The National Infrastructure Commission (NIC) said the Government needs to develop fewer, bigger and better targeted initiatives to meet long-term economic targets and climate goals.
In their annual Infrastructure Progress Review, the advisers criticised the Government over its “negligible advances in improving the energy efficiency of UK homes, the installation of low-carbon heating solutions or securing a sustainable balance of water supply and demand”.
The NIC warned that the Government is “off track to meet its targets and ambitions” in a “range of areas”.
“(The) Government must develop stronger staying power and focus on fewer, bigger, better-targeted initiatives to deliver the infrastructure needed to meet its long-term goals for economic growth and a lower carbon economy,” the report said.
“(The) Government has set an ambition for at least 600,000 heat pumps to be installed each year by 2028, while only 55,000 were fitted in 2021 – meanwhile, 1.5 million gas boilers were fitted.

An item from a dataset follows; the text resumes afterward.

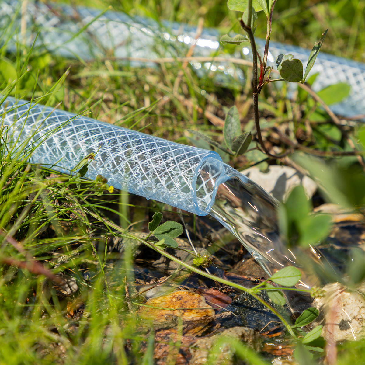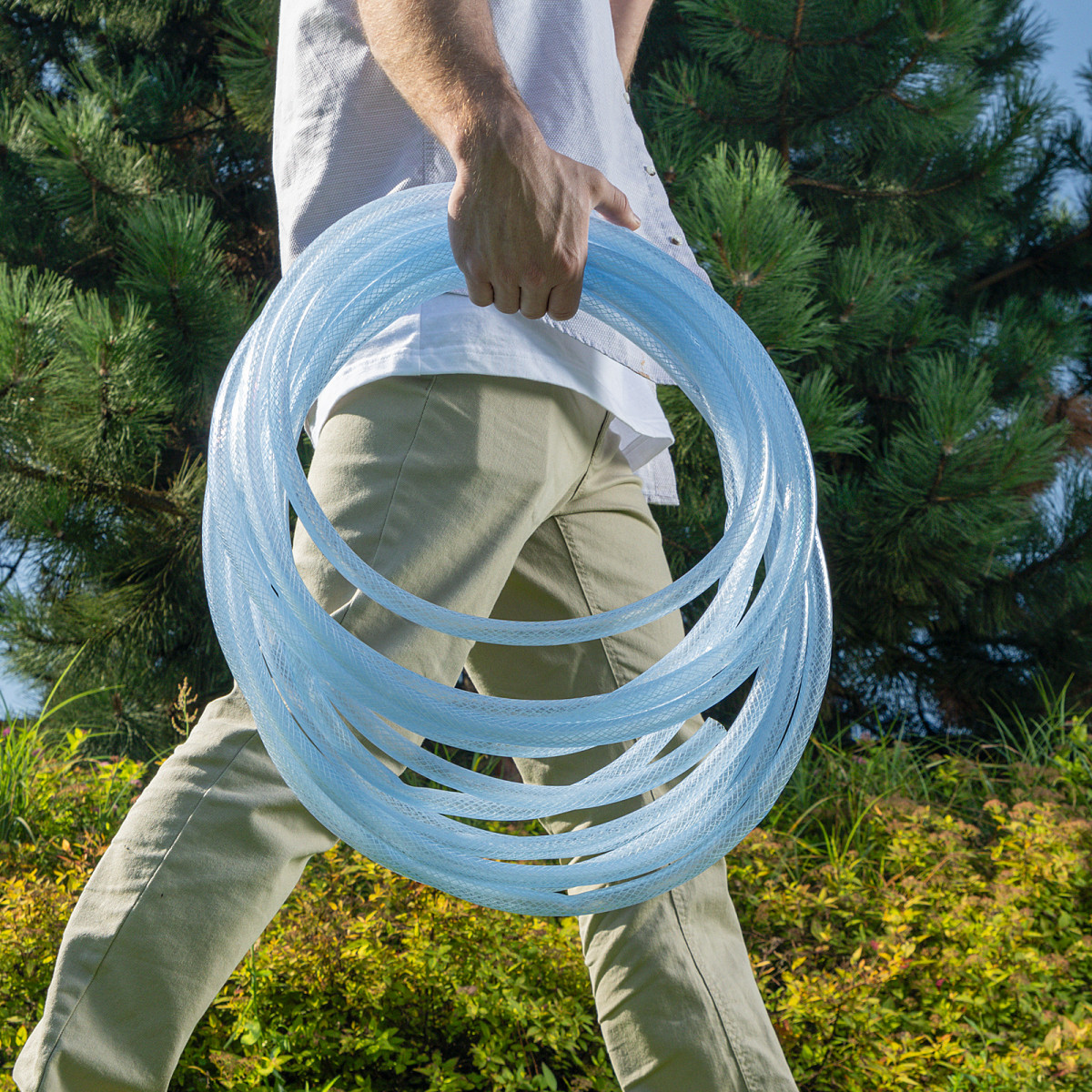 - Повышенная прочность — шланг изготовлен из поливинилхлорида (ПВХ) и армирован нитью из полиэстера.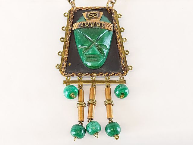 Lot # 230 - Collier en cuivre avec onyx - pendentif mesurant 4 pouces et la chaine 26 pouces  SOLD

“Similarly, (the) Government expects 300,000 public electric vehicle charge points to be in place by 2030, but only 37,000 public charge points are currently installed.”
The review added that, in the course of the last year, progress towards “major infrastructure objectives” had stuttered even further – at a time when “the need for acceleration has heightened”.
The NIC also called for a “greater sense of certainty” around progressing HS2 and Northern Powerhouse Rail, stressing that delays inevitably push back the economic benefits for communities.
In order to get back on track, the commission advised a “greater devolution of funding and decision-making, moving away from competitive bidding processes, and building on the multi-year funding settlements for combined authorities with long-term devolved budgets for all local transport authorities, while also allowing greater revenue-raising powers at a local level”.
While the commission did credit the Government for its continued investment in infrastructure in the short term – with a commitment of £100 billion to support economic infrastructure from 2022-23 to 2024-25 – it warned that “private sector investment is also critical for meeting the Government’s long-term targets on infrastructure”.
The report concluded that the UK “must remain an internationally competitive place to invest, at a time when the Inflation Reduction Act in the United States and the REPowerEU plan and the Net-Zero Industry Act in the European Union make the investment environment more challenging”.
“Ambitious and stable policy from government, alongside effective regulation, is critical for providing the private sector with the certainty it needs to invest,” it said.